FDA Approves Kesimpta, B-cell Targeting Therapy for Relapsing MS
The U.S. Food and Drug Administration (FDA) has approved Novartis‘ Kesimpta (ofatumumab) as a self-administered treatment for adults with relapsing forms of multiple sclerosis (MS), meaning those with clinically isolated syndrome (CIS), relapsing-remitting MS (RRMS), and active secondary progressive MS (SPMS).
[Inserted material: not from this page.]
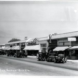 A section of Baldwin Avenue business district in the 1000 S. Baldwin block in 1930. Eleven automobiles are diagonally parked in front of the various shops. The prominent sign on the right reads Associated Feed Stores.

According to Novartis, Kesimpta is the first approved MS therapy targeting B-cells that can be taken at home via an under-the-skin (subcutaneous) injection, using an autoinjector pen, once a month. The medication is expected to be available to patients in the U.S. in early September.
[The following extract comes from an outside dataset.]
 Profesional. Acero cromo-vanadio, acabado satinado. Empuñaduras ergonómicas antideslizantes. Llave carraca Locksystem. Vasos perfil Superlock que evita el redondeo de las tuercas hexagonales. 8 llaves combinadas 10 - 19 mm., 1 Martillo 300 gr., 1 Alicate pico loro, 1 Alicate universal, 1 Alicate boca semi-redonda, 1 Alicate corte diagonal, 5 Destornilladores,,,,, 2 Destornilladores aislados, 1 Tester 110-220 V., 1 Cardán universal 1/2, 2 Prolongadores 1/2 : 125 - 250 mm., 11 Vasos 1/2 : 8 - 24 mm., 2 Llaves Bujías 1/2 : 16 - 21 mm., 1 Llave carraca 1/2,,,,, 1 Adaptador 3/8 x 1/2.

“Multiple sclerosis (MS) is a complex disease, and response to disease modifying treatment will vary among individuals. This makes it important to have a range of treatments available with different mechanisms of action and routes of administration, said Bruce Bebo, PhD, executive vice president of research at the National MS Society.
“We are pleased to have an additional option approved for the treatment of relapsing forms of MS,” Bebo added.
Kesimpta is an antibody targeting a protein called CD20, which is found on the surface of immune system B-cells. While the exact mechanism of action is not fully understood, it is thought Kesimpta works by lowering the amount of B-cells that drive damaging inflammation in the nervous system and contribute to MS development.
The medication is administered once monthly in a precise dose using the Sensoready autoinjector pen, a procedure that can be done at the home. This contrasts with other B-cell-targeting therapies used in MS, which typically are given at hospitals or infusion treatment centers, a limitation that both raises healthcare costs and can be burdensome to patients.
No premedication is needed to take Kesimpta. The first injection is performed under the guidance of a healthcare professional. The first doses are given at weeks 0, one and two, before moving to monthly injections.
Results from the open-label clinical trial APLIOS (NCT03560739) showed the autoinjector pen to be equivalent to delivering the therapy using a prefilled syringe, supporting Kesimpta as an at-home treatment.
FDA approval is based on data from two Phase 3 clinical trials — ASCLEPIOS I (NCT02792218) and ASCLEPIOS II (NCT02792231) — which compared Kesimpta with Aubagio (teriflunomide; marketed by Sanofi Genzyme), an approved oral treatment for relapsing MS that is thought to work by blocking the activity of B-cells and T-cells (another type of immune cell involved in MS).
Results, recently published in the New England Journal of Medicine, showed that Kesimpta outperformed Aubagio in terms of reducing the annualized relapse rate, limiting disability progression, and reducing inflammatory brain lesions.
The safety profiles of both medications were also seen to be comparable.
“In the key clinical studies, this breakthrough treatment produced a profound reduction in new brain lesions, reducing relapses and slowing underlying disease progression. Through its favorable safety profile and well-tolerated monthly injection regimen, patients can self-administer the treatment at home, avoiding visits to the infusion center,” said Hauser, who served as co-chair of the steering committee for the ASCLEPIOS I and II studies.
Regulatory filings seeking approval for Kesimpta as an MS treatment elsewhere are ongoing; a decision in the European Union is expected in the first half of 2021. In the U.S., ofatumumab is also approved to treat chronic lymphocytic leukemia under the brand name Arzerra.
“When treating patients with [relapsing] MS, Kesimpta is a meaningful treatment option that delivers both high efficacy and safety with the ability for patients to have more freedom in managing their disease,” said Marie-France Tschudin, president of Novartis Pharmaceuticals.
“The development of Kesimpta is a great example of our commitment, knowledge and understanding of multiple sclerosis, which enabled us to identify a targeted treatment that can significantly improve patient outcomes and experience,” Tschudin concluded.